At the time of the burial, two young weeping willows had been planted over the graves as markers. Over the years, the trees had grown considerably, one towards the other, until their upper branches had joined. But now the willow on top of Marie Antoinette’s grave was losing its leaves. As the proprietor explained to Lucia, the roots, having grown eight feet deep, had reached the lime in which her body was thrown.
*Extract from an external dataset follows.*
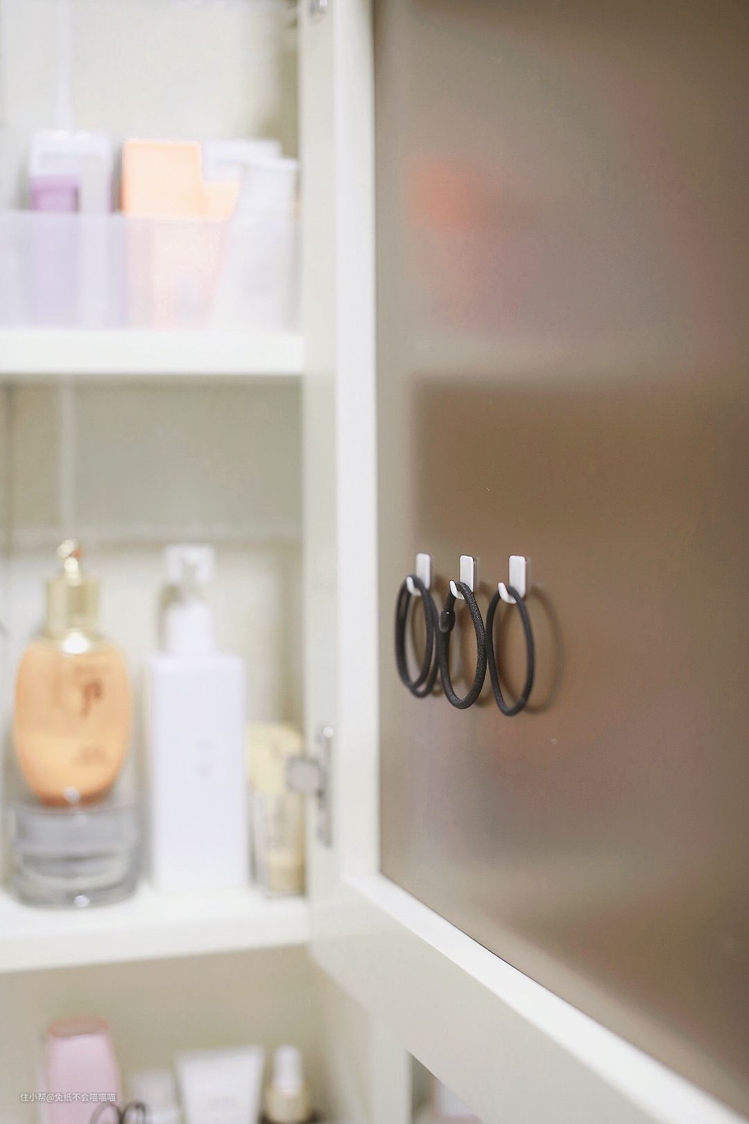 超迷你的小挂钩,粘着镜柜门后面,收纳皮筋棒棒的。

Louis XVIII arrived in Paris on 3 May. He was a supercilious sixty-year-old, overweight and overbearing; but he was also a stubborn negotiator, and not at all inclined to wear the constitutional straitjacket Talleyrand was fashioning for him. The draft constitution went back and forth between the new monarch and the president of the provisional government. By the time Louis XVIII installed himself at the Tuileries, he had curtailed the powers of Parliament and individual freedoms considerably. Talleyrand lamented the changes to his original draft, but in the end he was satisfied that sufficient guarantees ensured that France would not see a return to absolute monarchy. On the other hand, Emperor Alexander, who had moved from Talleyrand’s mansion to the Elysée palace, did not take the changes at all well, and thereafter refused to speak to his former host.
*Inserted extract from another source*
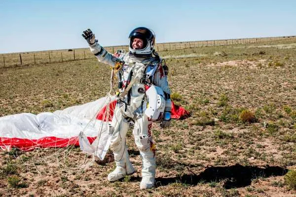 Феликс стартира процедурата, следвайки указанията на полковник Джо Китинджър – при изравняване на налягането, люкът на капсулата се отвори и Феликс застана пред лицето на историята.

On 16 May Lucia went to court for a formal presentation to Louis XVIII. The point of this otherwise futile exercise was to attract the king’s attention during the brief moment when one was face to face with him—not always an easy task given the soporific atmosphere that usually hung over this ceremony. She described herself on her card as the wife of the former captain of Verona, remembering that Alvise, despite the Directoire’s vociferous protests, had treated the future king well back in 1795, when he was living in exile in Italy as the Comte de Lille. “The King receives like our dear old uncle Lorenzo, sprawled in his throne,” Lucia wrote to her sister. “The ladies shuffle by him in a long line; they are only allowed a curtsey. The King nods without saying a word, except to those whom he knows personally.” It turned out Lucia’s little trick with her card worked beyond her expectations. She could not resist showing off a bit to her younger sister:

The King saw me, examined me for a short while, and then exclaimed “Ah Lucietta! How are you! It’s been so long!” The tone of his voice was so cordial and his expression so friendly that he seemed genuinely pleased to see me after nineteen years. And fancy him remembering my Venetian nickname!43

In reality, the atmosphere at the new court was anything but cheerful. The king and his royal siblings were rather advanced in age, and soured by many years of exile. The haughty Duchess of Angoulème, daughter of Louis XVI and Marie Antoinette and the king’s sister, restored stuffy rules of etiquette at the Tuileries that were a throwback to the ancien régime. “I really do not like the way we get pushed out of the room by the ushers after we have presented ourselves,”44 Lucia grumbled. There was no place to mingle, and the ladies were left to mill about with the servants outside the receiving chamber until their carriage appeared.

Leaving court one evening she overheard a lady say that Joséphine had died. “I could not bring myself to believe it,” she wrote in her diary. “I left in a hurry and came home immediately.”45 She could not sleep at all that night. The next morning, she sent word to Queen Hortense “to learn whether the Empress had in fact passed away.